Tutorials on the Basic Usage

Install

Different from previous assignment where we install the full version of ESPnet, we use a lightweight ESPnet package, which mainly designed for inference purpose. The installation with the light version can be much faster than a full installation.

[ ]:
import locale
locale.getpreferredencoding = lambda: "UTF-8"
%pip uninstall torch
%pip install torch==1.13.0+cu117 torchvision==0.14.0+cu117 torchaudio==0.13.0 --extra-index-url https://download.pytorch.org/whl/cu117
%pip install -q git+https://github.com/espnet/espnet
%pip install -q espnet_model_zoo

Speech Enhancement with Pretrained Models

Single-Channel Enhancement, the CHiME example

Task1 (✅ Checkpoint 1 (1 point))

Run inference of pretrained single-channel enhancement model.

[ ]:
# Download one utterance from real noisy speech of CHiME4
!gdown --id 1SmrN5NFSg6JuQSs2sfy3ehD8OIcqK6wS -O /content/M05_440C0213_PED_REAL.wav
import os

import soundfile
from IPython.display import display, Audio
mixwav_mc, sr = soundfile.read("/content/M05_440C0213_PED_REAL.wav")
# mixwav.shape: num_samples, num_channels
mixwav_sc = mixwav_mc[:,4]
display(Audio(mixwav_mc.T, rate=sr))

Download and load the pretrained Conv-Tasnet

[ ]:
!gdown --id 17DMWdw84wF3fz3t7ia1zssdzhkpVQGZm -O /content/chime_tasnet_singlechannel.zip
!unzip /content/chime_tasnet_singlechannel.zip -d /content/enh_model_sc
[ ]:
# Load the model
# If you encounter error "No module named 'espnet2'", please re-run the 1st Cell. This might be a colab bug.
import sys
import soundfile
from espnet2.bin.enh_inference import SeparateSpeech


separate_speech = {}
# For models downloaded from GoogleDrive, you can use the following script:
enh_model_sc = SeparateSpeech(
  train_config="/content/enh_model_sc/exp/enh_train_enh_conv_tasnet_raw/config.yaml",
  model_file="/content/enh_model_sc/exp/enh_train_enh_conv_tasnet_raw/5epoch.pth",
  # for segment-wise process on long speech
  normalize_segment_scale=False,
  show_progressbar=True,
  ref_channel=4,
  normalize_output_wav=True,
  device="cuda:0",
)

Enhance the single-channel real noisy speech in CHiME4

Please submit the screenshot of output of current block and the spectogram and waveform of noisy and enhanced speech file to Gradescope for Task 1.

[ ]:
# play the enhanced single-channel speech
wave = enh_model_sc(mixwav_sc[None, ...], sr)

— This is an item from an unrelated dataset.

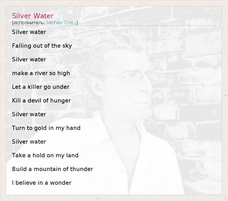 Silver water Falling out of the sky Silver water make a river so high Let a killer go under Kill a devil of hunger Silver water Turn to gold in my hand Silver water Take a hold on my land Build a mountain of thunder I believe in a wonder

print("Input real noisy speech", flush=True)
display(Audio(mixwav_sc, rate=sr))
print("Enhanced speech", flush=True)
display(Audio(wave[0].squeeze(), rate=sr))

Multi-Channel Enhancement

Download and load the pretrained mvdr neural beamformer.

Task2 (✅ Checkpoint 2 (1 point))

Run inference of pretrained multi-channel enhancement model.

[ ]:
# Download the pretained enhancement model

!gdown --id 1FohDfBlOa7ipc9v2luY-QIFQ_GJ1iW_i -O /content/mvdr_beamformer_16k_se_raw_valid.zip
!unzip /content/mvdr_beamformer_16k_se_raw_valid.zip -d /content/enh_model_mc
[ ]:
# Load the model
# If you encounter error "No module named 'espnet2'", please re-run the 1st Cell. This might be a colab bug.
import sys
import soundfile
from espnet2.bin.enh_inference import SeparateSpeech


separate_speech = {}
# For models downloaded from GoogleDrive, you can use the following script:
enh_model_mc = SeparateSpeech(
  train_config="/content/enh_model_mc/exp/enh_train_enh_beamformer_mvdr_raw/config.yaml",
  model_file="/content/enh_model_mc/exp/enh_train_enh_beamformer_mvdr_raw/11epoch.pth",
  # for segment-wise process on long speech
  normalize_segment_scale=False,
  show_progressbar=True,
  ref_channel=4,
  normalize_output_wav=True,
  device="cuda:0",
)

Enhance the multi-channel real noisy speech in CHiME4

Please submit the screenshot of output of current block and the spectrogram and waveform of noisy and enhanced speech file to Gradescope for Task 2.

[ ]:
wave = enh_model_mc(mixwav_mc[None, ...], sr)
print("Input real noisy speech", flush=True)
display(Audio(mixwav_mc.T, rate=sr))
print("Enhanced speech", flush=True)
display(Audio(wave[0].squeeze(), rate=sr))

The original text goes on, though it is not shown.